▶ **Exercise directions**:
Reproduce all of the records word for word, omitting the pictures.

▶ **Dataset entries**:
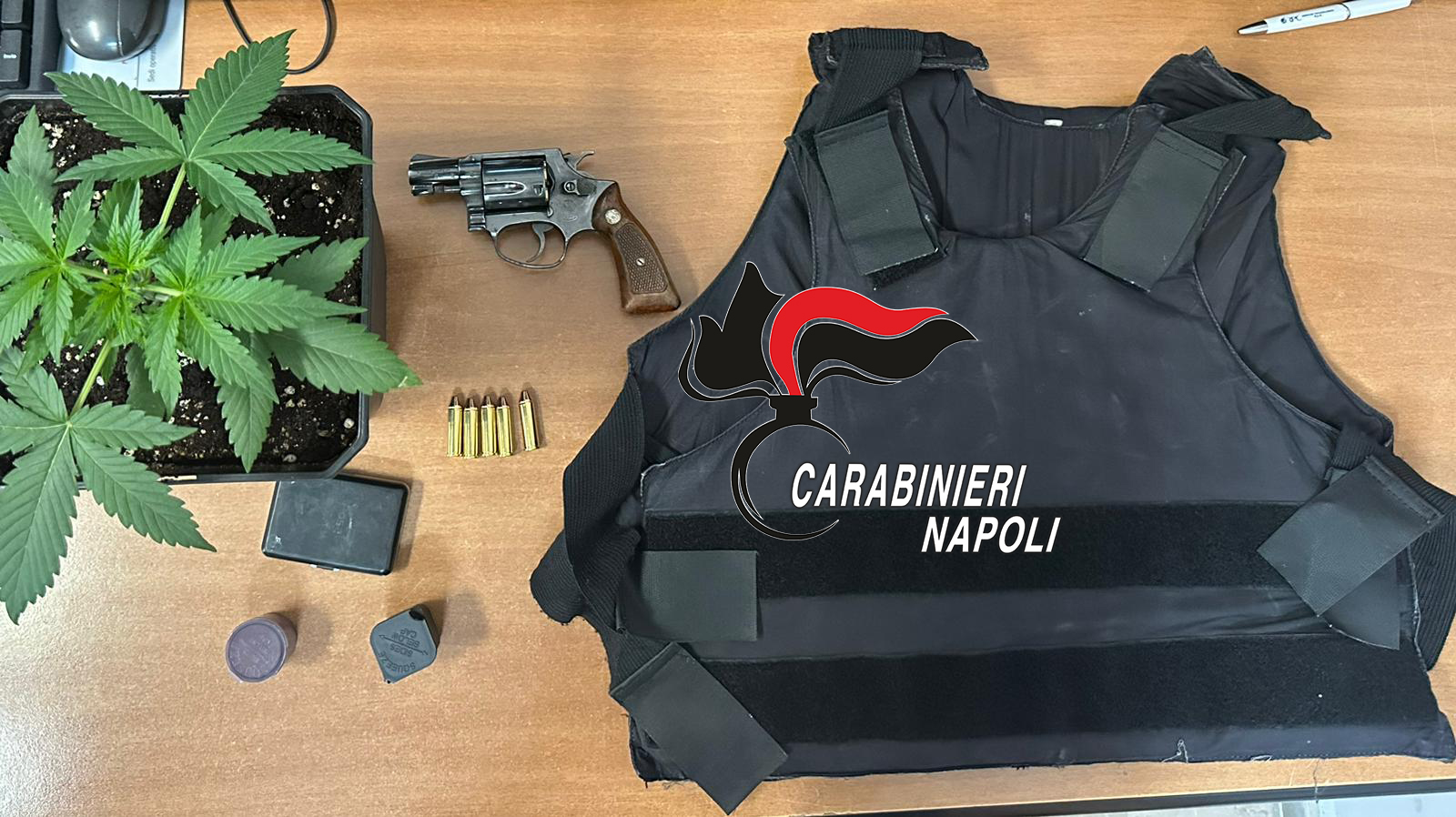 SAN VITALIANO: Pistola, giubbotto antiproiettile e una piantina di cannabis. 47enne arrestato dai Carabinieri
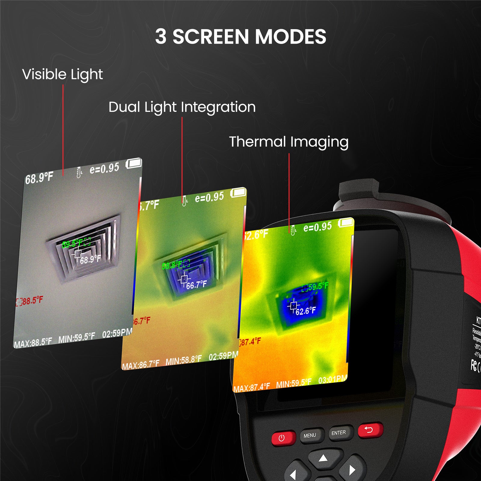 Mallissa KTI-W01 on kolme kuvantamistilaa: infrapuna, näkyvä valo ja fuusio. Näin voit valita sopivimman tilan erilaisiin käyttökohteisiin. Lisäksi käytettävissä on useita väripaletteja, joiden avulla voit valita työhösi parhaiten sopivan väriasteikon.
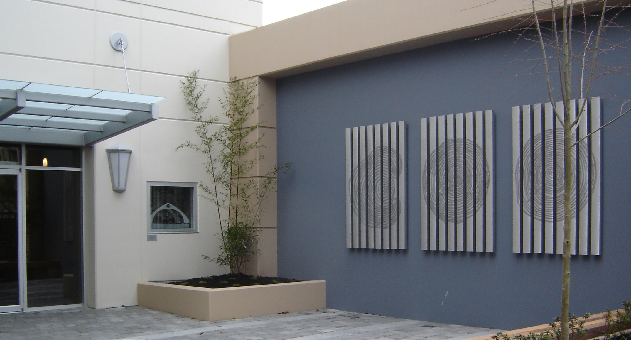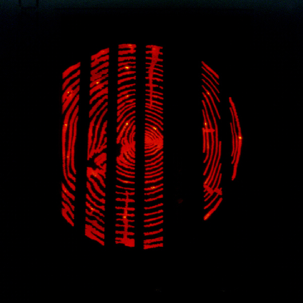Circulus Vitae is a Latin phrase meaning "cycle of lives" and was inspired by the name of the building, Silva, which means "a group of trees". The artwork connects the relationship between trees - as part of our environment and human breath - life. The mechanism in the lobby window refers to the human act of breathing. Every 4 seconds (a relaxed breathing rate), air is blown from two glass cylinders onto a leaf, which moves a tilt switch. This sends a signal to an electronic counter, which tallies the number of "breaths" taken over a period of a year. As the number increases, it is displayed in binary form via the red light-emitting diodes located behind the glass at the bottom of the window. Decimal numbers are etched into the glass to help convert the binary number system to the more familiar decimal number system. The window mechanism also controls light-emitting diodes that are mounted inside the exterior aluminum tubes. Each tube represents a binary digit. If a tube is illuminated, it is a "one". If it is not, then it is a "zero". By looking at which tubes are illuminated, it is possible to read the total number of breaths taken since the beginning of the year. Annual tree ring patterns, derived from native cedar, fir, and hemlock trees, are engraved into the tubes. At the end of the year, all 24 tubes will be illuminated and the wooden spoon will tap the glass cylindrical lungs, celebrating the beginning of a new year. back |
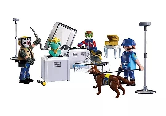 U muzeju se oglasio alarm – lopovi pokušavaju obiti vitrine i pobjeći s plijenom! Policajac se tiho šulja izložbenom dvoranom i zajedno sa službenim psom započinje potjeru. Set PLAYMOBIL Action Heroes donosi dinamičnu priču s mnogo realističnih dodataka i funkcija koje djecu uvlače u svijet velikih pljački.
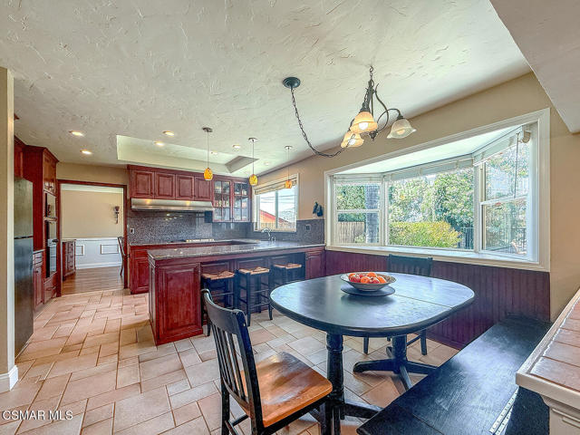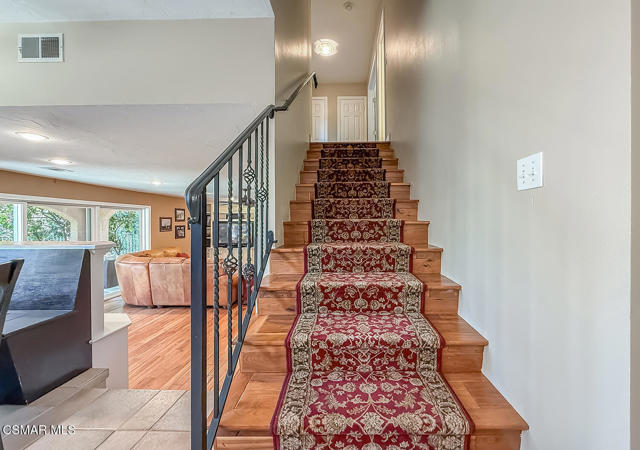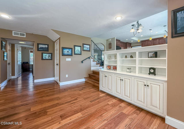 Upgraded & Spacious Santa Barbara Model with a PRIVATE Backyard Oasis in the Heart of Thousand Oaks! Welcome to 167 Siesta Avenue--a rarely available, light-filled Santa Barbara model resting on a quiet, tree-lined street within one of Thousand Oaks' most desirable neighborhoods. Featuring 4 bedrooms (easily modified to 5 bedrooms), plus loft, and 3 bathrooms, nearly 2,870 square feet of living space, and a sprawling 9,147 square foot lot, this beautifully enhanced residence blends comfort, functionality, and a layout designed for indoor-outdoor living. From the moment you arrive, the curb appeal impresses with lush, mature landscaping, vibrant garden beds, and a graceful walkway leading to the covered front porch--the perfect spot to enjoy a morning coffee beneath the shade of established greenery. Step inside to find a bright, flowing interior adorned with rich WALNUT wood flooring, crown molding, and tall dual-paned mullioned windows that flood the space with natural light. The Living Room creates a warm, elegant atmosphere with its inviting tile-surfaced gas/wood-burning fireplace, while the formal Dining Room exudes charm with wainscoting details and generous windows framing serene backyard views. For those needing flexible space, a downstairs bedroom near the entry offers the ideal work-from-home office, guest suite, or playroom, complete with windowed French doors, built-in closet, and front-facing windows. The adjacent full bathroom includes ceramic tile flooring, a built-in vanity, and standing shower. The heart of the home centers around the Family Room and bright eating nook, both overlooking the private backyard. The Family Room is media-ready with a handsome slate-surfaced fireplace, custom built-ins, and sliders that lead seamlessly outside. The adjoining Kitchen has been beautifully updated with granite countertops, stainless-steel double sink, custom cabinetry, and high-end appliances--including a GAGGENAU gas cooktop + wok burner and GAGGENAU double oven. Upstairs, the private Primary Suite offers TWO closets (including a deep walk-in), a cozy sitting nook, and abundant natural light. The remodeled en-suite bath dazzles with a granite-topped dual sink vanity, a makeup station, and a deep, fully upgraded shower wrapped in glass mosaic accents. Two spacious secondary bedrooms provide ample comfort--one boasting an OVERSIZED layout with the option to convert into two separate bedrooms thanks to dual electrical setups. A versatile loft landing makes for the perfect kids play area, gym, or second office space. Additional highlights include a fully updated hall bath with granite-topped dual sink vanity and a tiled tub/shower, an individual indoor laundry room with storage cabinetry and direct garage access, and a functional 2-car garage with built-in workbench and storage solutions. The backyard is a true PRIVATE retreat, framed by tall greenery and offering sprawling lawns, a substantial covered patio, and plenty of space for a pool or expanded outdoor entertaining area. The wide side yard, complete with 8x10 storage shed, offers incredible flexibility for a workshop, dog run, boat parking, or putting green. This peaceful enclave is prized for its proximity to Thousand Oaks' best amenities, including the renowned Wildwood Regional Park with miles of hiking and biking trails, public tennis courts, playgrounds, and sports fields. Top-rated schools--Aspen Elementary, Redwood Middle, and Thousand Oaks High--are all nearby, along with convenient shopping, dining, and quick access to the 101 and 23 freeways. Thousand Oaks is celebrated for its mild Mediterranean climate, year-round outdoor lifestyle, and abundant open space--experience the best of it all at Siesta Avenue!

▶ **Final answer**:
 SAN VITALIANO: Pistola, giubbotto antiproiettile e una piantina di cannabis. 47enne arrestato dai Carabinieri
 Mallissa KTI-W01 on kolme kuvantamistilaa: infrapuna, näkyvä valo ja fuusio. Näin voit valita sopivimman tilan erilaisiin käyttökohteisiin. Lisäksi käytettävissä on useita väripaletteja, joiden avulla voit valita työhösi parhaiten sopivan väriasteikon.
Circulus Vitae is a Latin phrase meaning "cycle of lives" and was inspired by the name of the building, Silva, which means "a group of trees". The artwork connects the relationship between trees - as part of our environment and human breath - life. The mechanism in the lobby window refers to the human act of breathing. Every 4 seconds (a relaxed breathing rate), air is blown from two glass cylinders onto a leaf, which moves a tilt switch. This sends a signal to an electronic counter, which tallies the number of "breaths" taken over a period of a year. As the number increases, it is displayed in binary form via the red light-emitting diodes located behind the glass at the bottom of the window. Decimal numbers are etched into the glass to help convert the binary number system to the more familiar decimal number system. The window mechanism also controls light-emitting diodes that are mounted inside the exterior aluminum tubes. Each tube represents a binary digit. If a tube is illuminated, it is a "one". If it is not, then it is a "zero". By looking at which tubes are illuminated, it is possible to read the total number of breaths taken since the beginning of the year. Annual tree ring patterns, derived from native cedar, fir, and hemlock trees, are engraved into the tubes. At the end of the year, all 24 tubes will be illuminated and the wooden spoon will tap the glass cylindrical lungs, celebrating the beginning of a new year. back |
 U muzeju se oglasio alarm – lopovi pokušavaju obiti vitrine i pobjeći s plijenom! Policajac se tiho šulja izložbenom dvoranom i zajedno sa službenim psom započinje potjeru. Set PLAYMOBIL Action Heroes donosi dinamičnu priču s mnogo realističnih dodataka i funkcija koje djecu uvlače u svijet velikih pljački.
 Upgraded & Spacious Santa Barbara Model with a PRIVATE Backyard Oasis in the Heart of Thousand Oaks! Welcome to 167 Siesta Avenue--a rarely available, light-filled Santa Barbara model resting on a quiet, tree-lined street within one of Thousand Oaks' most desirable neighborhoods. Featuring 4 bedrooms (easily modified to 5 bedrooms), plus loft, and 3 bathrooms, nearly 2,870 square feet of living space, and a sprawling 9,147 square foot lot, this beautifully enhanced residence blends comfort, functionality, and a layout designed for indoor-outdoor living. From the moment you arrive, the curb appeal impresses with lush, mature landscaping, vibrant garden beds, and a graceful walkway leading to the covered front porch--the perfect spot to enjoy a morning coffee beneath the shade of established greenery. Step inside to find a bright, flowing interior adorned with rich WALNUT wood flooring, crown molding, and tall dual-paned mullioned windows that flood the space with natural light. The Living Room creates a warm, elegant atmosphere with its inviting tile-surfaced gas/wood-burning fireplace, while the formal Dining Room exudes charm with wainscoting details and generous windows framing serene backyard views. For those needing flexible space, a downstairs bedroom near the entry offers the ideal work-from-home office, guest suite, or playroom, complete with windowed French doors, built-in closet, and front-facing windows. The adjacent full bathroom includes ceramic tile flooring, a built-in vanity, and standing shower. The heart of the home centers around the Family Room and bright eating nook, both overlooking the private backyard. The Family Room is media-ready with a handsome slate-surfaced fireplace, custom built-ins, and sliders that lead seamlessly outside. The adjoining Kitchen has been beautifully updated with granite countertops, stainless-steel double sink, custom cabinetry, and high-end appliances--including a GAGGENAU gas cooktop + wok burner and GAGGENAU double oven. Upstairs, the private Primary Suite offers TWO closets (including a deep walk-in), a cozy sitting nook, and abundant natural light. The remodeled en-suite bath dazzles with a granite-topped dual sink vanity, a makeup station, and a deep, fully upgraded shower wrapped in glass mosaic accents. Two spacious secondary bedrooms provide ample comfort--one boasting an OVERSIZED layout with the option to convert into two separate bedrooms thanks to dual electrical setups. A versatile loft landing makes for the perfect kids play area, gym, or second office space. Additional highlights include a fully updated hall bath with granite-topped dual sink vanity and a tiled tub/shower, an individual indoor laundry room with storage cabinetry and direct garage access, and a functional 2-car garage with built-in workbench and storage solutions. The backyard is a true PRIVATE retreat, framed by tall greenery and offering sprawling lawns, a substantial covered patio, and plenty of space for a pool or expanded outdoor entertaining area. The wide side yard, complete with 8x10 storage shed, offers incredible flexibility for a workshop, dog run, boat parking, or putting green. This peaceful enclave is prized for its proximity to Thousand Oaks' best amenities, including the renowned Wildwood Regional Park with miles of hiking and biking trails, public tennis courts, playgrounds, and sports fields. Top-rated schools--Aspen Elementary, Redwood Middle, and Thousand Oaks High--are all nearby, along with convenient shopping, dining, and quick access to the 101 and 23 freeways. Thousand Oaks is celebrated for its mild Mediterranean climate, year-round outdoor lifestyle, and abundant open space--experience the best of it all at Siesta Avenue!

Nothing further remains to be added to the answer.